Unk., Edmonia Lewis. 

Many readers love posts about women artists as much as I love finding the history and images to share.  The story of Edmonia Lewis is one of the most compelling and inspiring I have found yet.   click on the photos for links to their sources. 

Edmonia Lewis was born in the mid-1840s and died sometime after 1909.  It appears her father was a free African from the West Indies and her mother was a Ojibway mother.  Edmonia told interviewers that her given Ojibway name was “Wildfire.” 

Along with a brother, Edmonia was orphaned at a young age.  Her older brother Samuel became a successful businessman in Bozeman, Montana, and financed Edmonia’s secondary education at Oberlin College—the first American institution to admit women and African Americans.

Here are two photographs of Edmonia taken by Henry Rocher about 1870, and currently in the collection of the Smithsonian Institute in Washington, D.C. 

Edmonia faced discrimination at Oberlin College and left before she graduated.  But she knew what she wanted.  Again with her brother’s help, she went to Boston to study with the neoclassical sculptor Edward Brackett.  Like any artist, her career was a combination of extremely hard work, garnering patrons, and networking. 

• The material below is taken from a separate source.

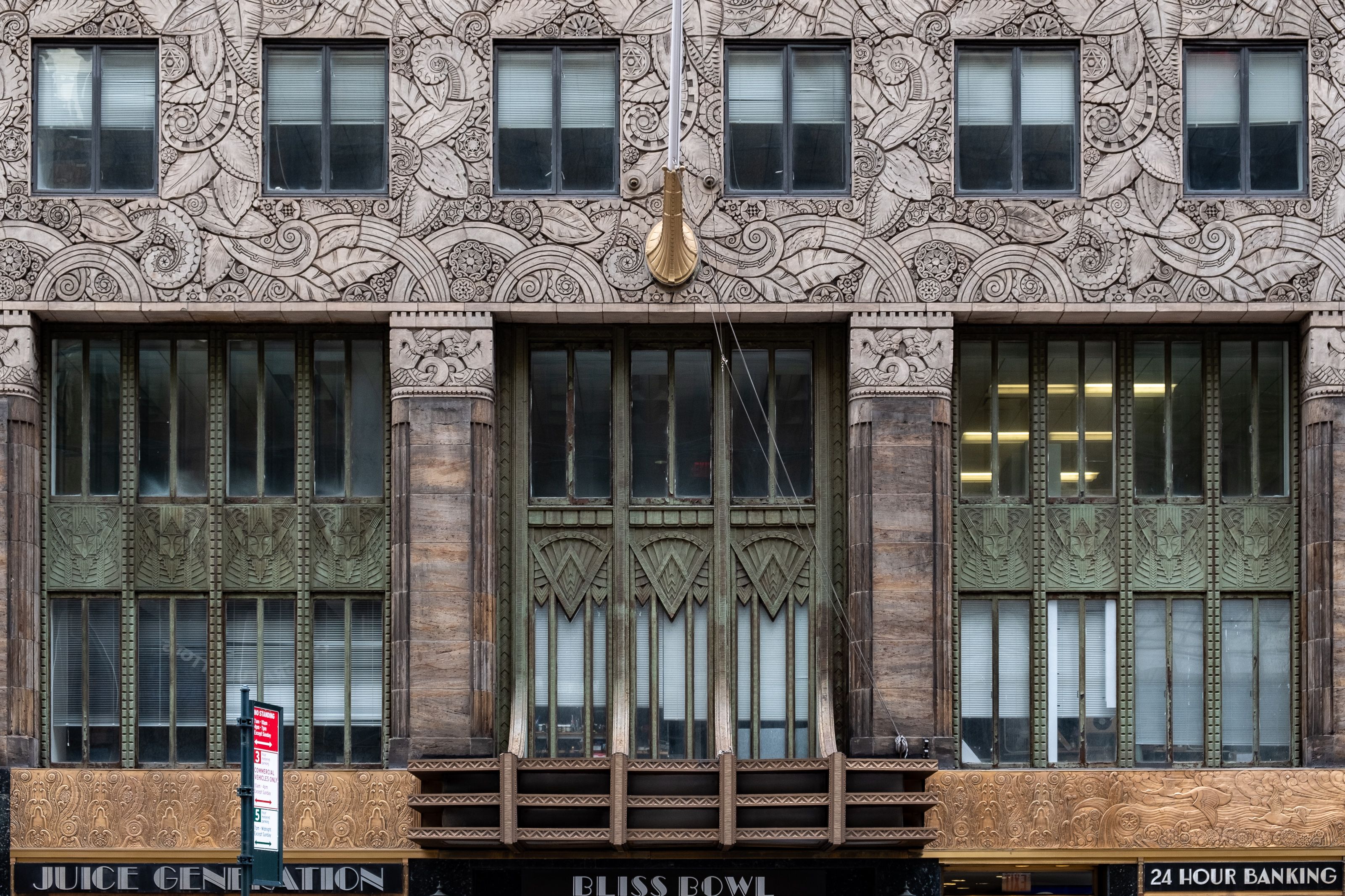 Chanin Building — будинок у стилі ар-деко з теракотовим фасадом. Навіть шрифт вивісок гармонійно вписується у загальний стиль

Many of Edmonia’s friends were members of the American abolitionist movement.  Eventually, and against tremendous odds, she began to establish a name for herself as an artist facing three social obstacles:  being female, African American, and Native American.  She publicly identified herself with these threads of her identity, and chose subject matter that held meaning to oppressed people and women. 

Two of her earliest works depicted the abolitionist martyr John Brown, and Robert Gould Shaw, the white commander of an all-black regiment in the American Civil War.  Partially financed with the sale of these pieces, Edmonia traveled to Italy to further her career.  In Rome, she joined a community of American sculptors—including several notable women—and occupied the former studio of the Italian master Antonio Canova. 

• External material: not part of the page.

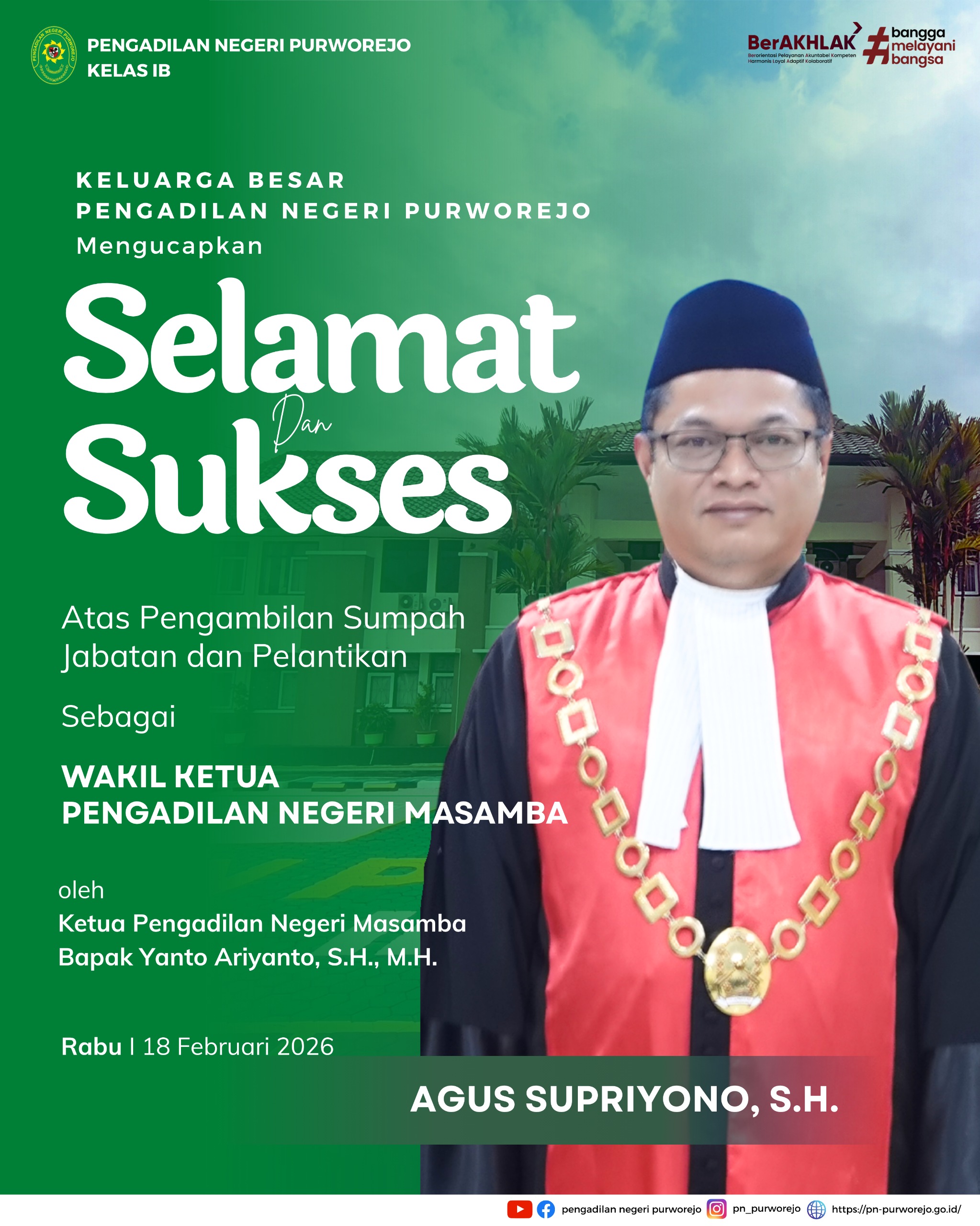 Keluarga Besar Pengadilan Negeri Purworejo mengucapkan Selamat dan Sukses atas Pengambilan Sumpah Jabatan dan Pelantikan Bapak Agus Supriyono, S.H. sebagai Waki Ketua Pengadilan Negeri Masamba oleh Ketua Pengadilan Negeri Masamba. Semoga selalu amanah dalam mengemban tugas.

Here is a study of Moses, made after the masterpiece by Michelangelo, completed during Edmonia’s time in Rome.   

Edmonia Lewis, Moses (after Michelangelo), 1875.  Smithsonian Institute. 

Fearing that others would not believe her work was truly her own, Edmonia shunned the practice of roughing out her sculptures and hiring Italian artisans to carve them.  Instead, she completed all her own work.  

One piece created during her time in Rome was the bust of Henry Wordsworth Longfellow, below.  Inspired by the poet’s work, “The Song of Hiawatha,” Edmonia had already created sculptures based on his Native American themes.  When she heard that the poet was visiting Rome, she found him in the street, studied his face, and created this bust.   

Edmonia Lewis, Bust of Henry Wadsworth Longfellow, 1872. 

This sculpture, Hagar, was also made in Rome. 

 

Edmonia Lewis, Hagar, 1875. 

In 1876, Edmonia Lewis sculpted what is known as her masterpiece, The Death of Cleopatra.  This interpretation of the fallen queen stands out because it shows her, vulnerable and stricken, just after being bitten by the asp.  The piece generated a stir when it was shown at the Philadelphia Exposition in 1876 and again at the Chicago Interstate Exposition two years later. 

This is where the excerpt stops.